*** Dataset excerpt Section Begins ***

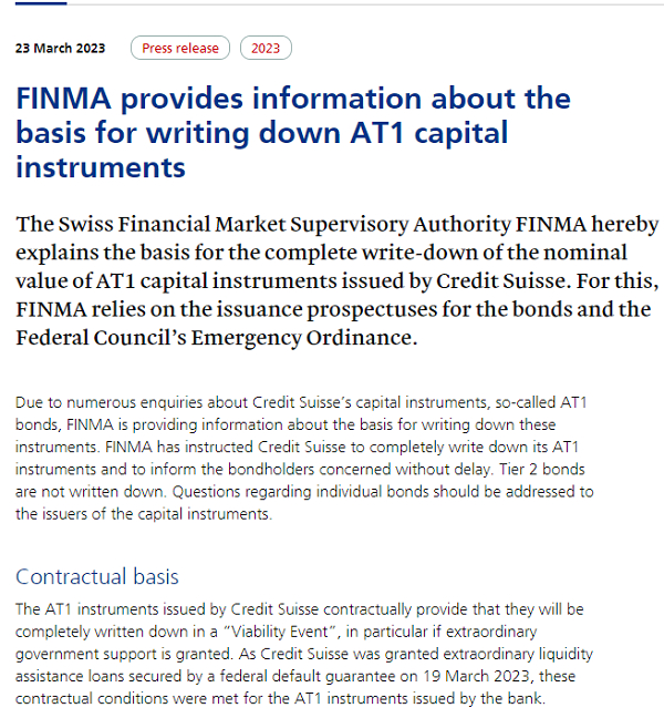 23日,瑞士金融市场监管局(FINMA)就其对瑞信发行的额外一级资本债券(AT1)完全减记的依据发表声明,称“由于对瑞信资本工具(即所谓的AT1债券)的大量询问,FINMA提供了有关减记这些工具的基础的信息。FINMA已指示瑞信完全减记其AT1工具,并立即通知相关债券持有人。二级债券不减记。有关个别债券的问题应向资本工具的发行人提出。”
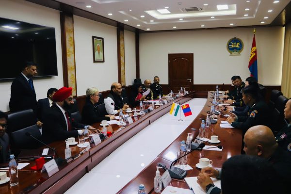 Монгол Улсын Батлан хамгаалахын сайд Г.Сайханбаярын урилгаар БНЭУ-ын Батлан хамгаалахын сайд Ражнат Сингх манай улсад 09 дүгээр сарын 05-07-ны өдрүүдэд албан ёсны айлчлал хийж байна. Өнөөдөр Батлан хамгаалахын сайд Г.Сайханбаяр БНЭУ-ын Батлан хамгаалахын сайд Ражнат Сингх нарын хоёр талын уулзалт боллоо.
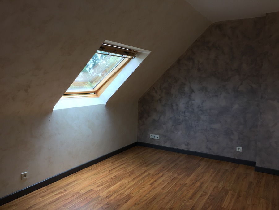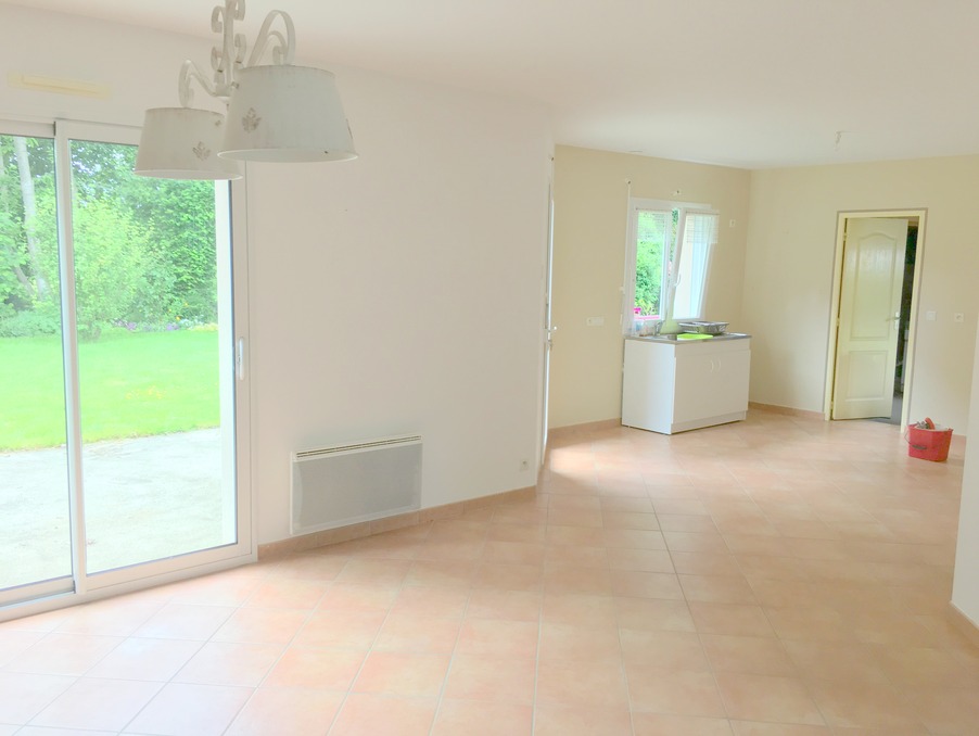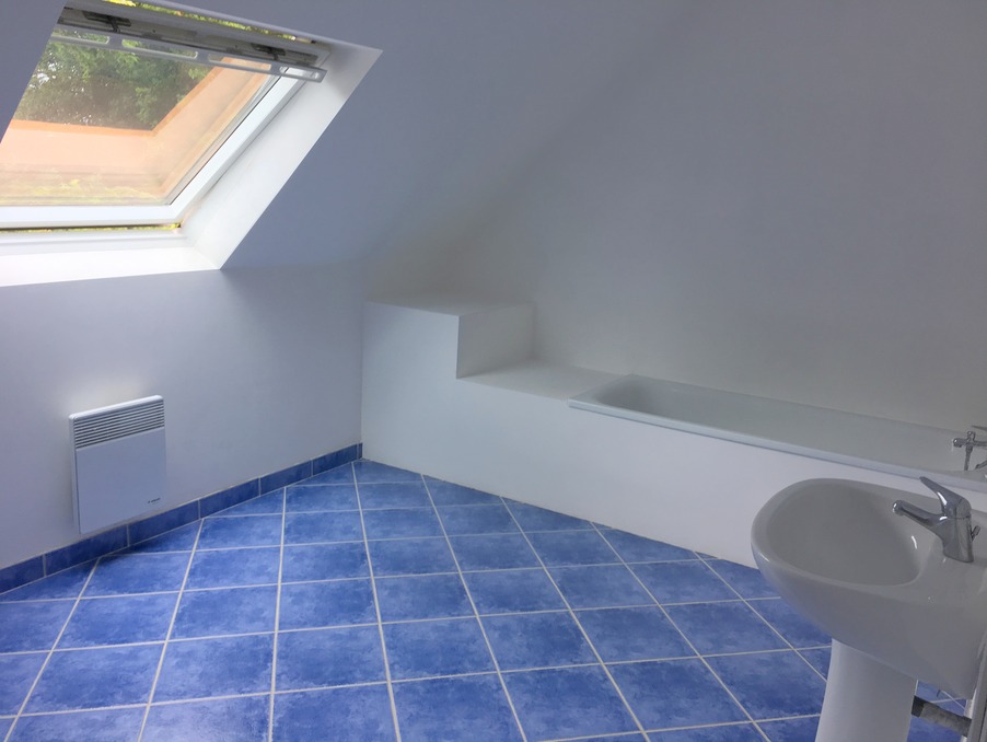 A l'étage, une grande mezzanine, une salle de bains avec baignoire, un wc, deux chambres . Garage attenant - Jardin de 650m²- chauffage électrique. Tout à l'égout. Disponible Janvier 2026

*** Dataset excerpt Section Ends ***

> [Your assignment]:
Word for word, restate all of the data, but do not copy the pictures.

> [Response area]:
 23日,瑞士金融市场监管局(FINMA)就其对瑞信发行的额外一级资本债券(AT1)完全减记的依据发表声明,称“由于对瑞信资本工具(即所谓的AT1债券)的大量询问,FINMA提供了有关减记这些工具的基础的信息。FINMA已指示瑞信完全减记其AT1工具,并立即通知相关债券持有人。二级债券不减记。有关个别债券的问题应向资本工具的发行人提出。”
 Монгол Улсын Батлан хамгаалахын сайд Г.Сайханбаярын урилгаар БНЭУ-ын Батлан хамгаалахын сайд Ражнат Сингх манай улсад 09 дүгээр сарын 05-07-ны өдрүүдэд албан ёсны айлчлал хийж байна. Өнөөдөр Батлан хамгаалахын сайд Г.Сайханбаяр БНЭУ-ын Батлан хамгаалахын сайд Ражнат Сингх нарын хоёр талын уулзалт боллоо.
 A l'étage, une grande mezzanine, une salle de bains avec baignoire, un wc, deux chambres . Garage attenant - Jardin de 650m²- chauffage électrique. Tout à l'égout. Disponible Janvier 2026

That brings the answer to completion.